Я присел на отсыревший деревянный бортик и наконец-то сгрузил ласточку на песок. Первый раз в жизни я видел ласточку так близко. Так подробно. Живые, они стремительно проносились где-то в вышине, почти неразличимые в полёте. Раньше мне казалось, что ласточки размером по меньшей мере с голубя. А передо мной лежала жалкая чёрно-белая канарейка. Длинный раздвоенный хвостик ощипан. Тонкие, будто из железной проволоки, скрюченные лапки заканчивались крошечными хищными коготками. Клюв приоткрылся, как лопнувшее семечко подсолнуха. Обращённый ко мне глаз был затянут бледным и маленьким, словно волдырь, веком.
Пахнуло сладковатым табачным духом. За моей спиной стояли двое. Я даже не услышал, как они подошли, скорее, запоздало учуял. Девчонке на вид было лет четырнадцать, а парень выглядел помладше.
Девочка показалась мне волнующе красивой, хотя, смой с её лица всю взрослую косметику, она стала бы похожа на мышонка. Одета она была, на мой взгляд, безупречно – джинсовая мини-юбка, фиолетовые лосины и короткая курточка-“варёнка”. Старательный начёс прихватывал яркий синий обруч. На парне были дутые спортивные штаны, футболка с какой-то металлической рок-группой и кожаная куртка – явно с чужого плеча, потому что именно в плечах она и подвисала. Выглядел он как полноватый Джон Коннер: смазливый пасынок второго, уже человеколюбивого, терминатора.

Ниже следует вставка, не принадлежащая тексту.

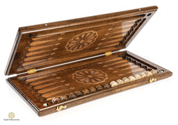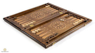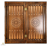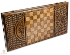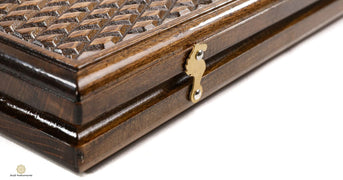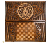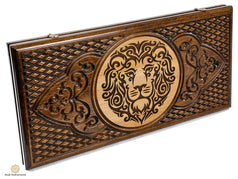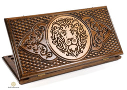 This special model made out of a premium beech wood. The other side of this premium backgammon board is designed for the game of checkers. The board Engraved with the a Lion positioned within the Armenian pictographic and coat of arm systems. This is a symbol of inspiration and courage. The all board has an amazing variety of motifs and shapes and it is completely handcrafted from bottom to top. The hinges and the locks attached to the board are made of top quality cast bronze. The set includes 32 playing pieces, made of beech and walnut wood, with velvet fabric applied to bottom of each piece, Dice made from billiards balls, Carry case with handle. Our premium Backgammon will be the most beautiful gift for every player and can be used also as a unique decoration for your apartment , fancy restaurant or exclusive club.
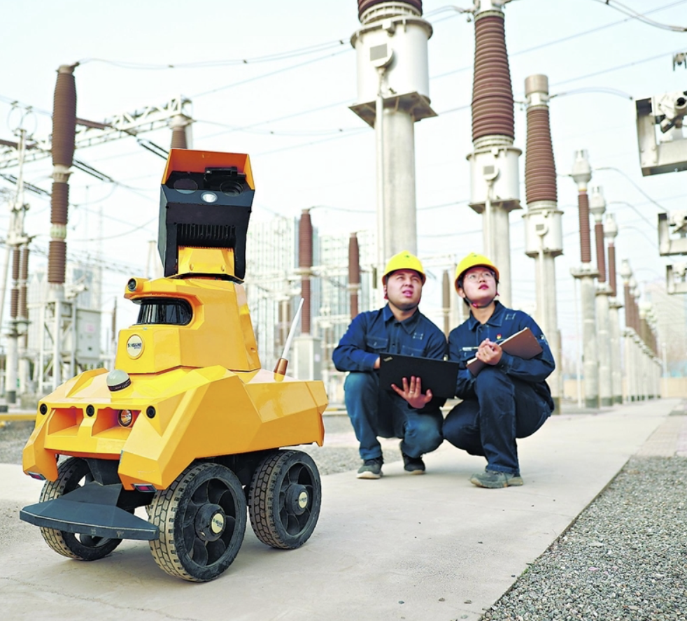3月17日,国网喀什供电公司变电运维中心技术人员在220千伏深喀变电站调试智能巡检机器人。该机器人具有红外、录音、视频识别等检测功能,实现了对变电站内电力设备全天候自主巡检。 王康摄
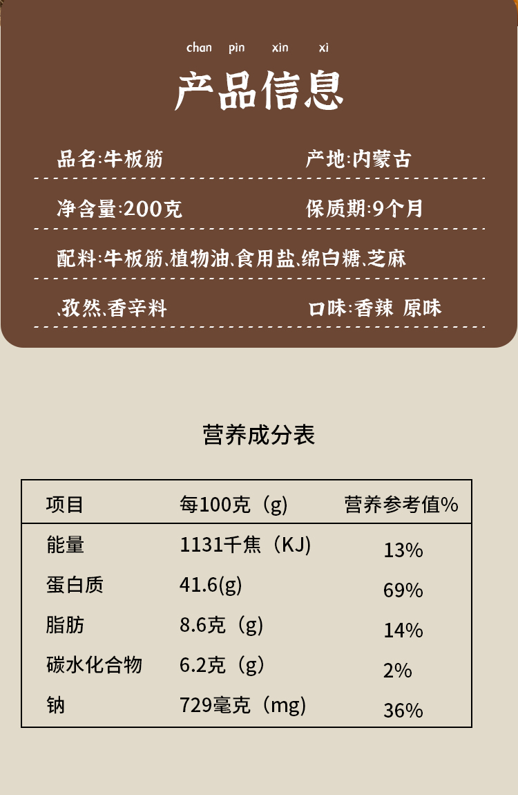 【越嚼越香❗️大片牛板筋手】牛板筋经过精准炖煮,保留弹韧嚼劲,咀嚼时肉香与香料香层层释放,耐嚼不柴,可作为下酒菜追剧零食下午茶解饿QQ

– Это вообще-то наше место, – девчонка, потрогав ладонью бортик, присела рядом, изящно пульнула в кусты дымящийся окурок. Спросила Коннера: – Толстый, что-то я не припомню… Он ведь не из нашей песочницы, да?
Коннер не ответил, неприятно улыбнулся и сплюнул себе под кроссовки.

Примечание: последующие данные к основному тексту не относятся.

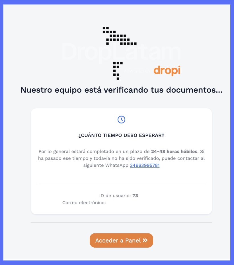 Preciso de suporte durante a validação. Com quem falar? Entre em contato com o suporte de validações da DropLatam Espanha pelo WhatsApp: +57 320 9463778 ou pelo número que aparece na tela (Imagem 4).
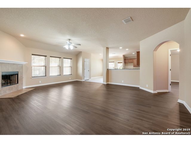 Welcome home to this beautiful 3-bedroom, 2-bath property with a dedicated office, built in 2011 and perfectly situated on a spacious corner lot near the Alamo Ranch shopping center with quick access to Loop 1604 and Hwy 151. This open-concept floor plan features a stunning kitchen complete with a large island and a cozy fireplace-ideal for gatherings. You'll love the generous backyard, perfect for relaxing or entertaining, and the grand entryway with impressive high ceilings that create an inviting first impression. Additional highlights include a 3-car garage and a prime location less than 7 minutes from SeaWorld. A must-see!

– Чёрт, песок набился, – девчонка сняла туфлю, постучала ей по бортику. – Ой, а тут птица дохлая… Это ты её принёс? – обратилась уже ко мне.
С внимательным равнодушием она посмотрела на ласточку, отряхивая со стопы песочные крошки.
– Прикинь, – девчонка лениво повернулась к Коннеру, – никогда раньше не видела ласточки вблизи. Вроде когда летают, такие милые… Толстый, он похоже хоронить её тут собрался!.. У него и совок. Эй! Что молчишь?.. Чего испугался? Толстый, ха! Он нас боится!
– Я из вашей песочницы, – слова дались мне неожиданно тяжело. Сердце от волнения сделалось тяжёлым и горячим. – Тебя зовут Лида. Или Лиза… А его, – я кивнул на Коннора, – Максим. Он всегда такой молчаливый… Я тоже был в этом детском саду. Девять лет назад. А в песочнице у нас было кладбище… Ненастоящее, конечно. Мы жуков-солдатиков хоронили. И ещё с нами Ромка водился – памятники делал…
Девочка надела туфлю и посмотрела на меня. Лицо её замерло, напряглось:
– Значит, у нас тут было кладбище домашних насекомых? А он, – кивнула на раскормленного Коннера, – Максим?..
– А ты Лида, – ломким хрипловатым голосом сказал Коннер. – Или Лиза…
Они посмотрели друг на друга. И отвратительно, с собачьим улюлюканьем, расхохотались.
*****
В школе я не появлялся около недели. Просто уходил по утрам и шлялся по городу до условного окончания уроков. Классная руководительница позвонила узнать, что со мной, и дома разразился нешуточный скандал. Я тогда ещё не знал, что мать беременна. Хотя это объясняло, почему нервы у неё сдали – она чихвостила меня последними словами. Я, в свою очередь, обозвал мать проституткой и предательницей, после чего схлопотал от неё увесистую пощёчину.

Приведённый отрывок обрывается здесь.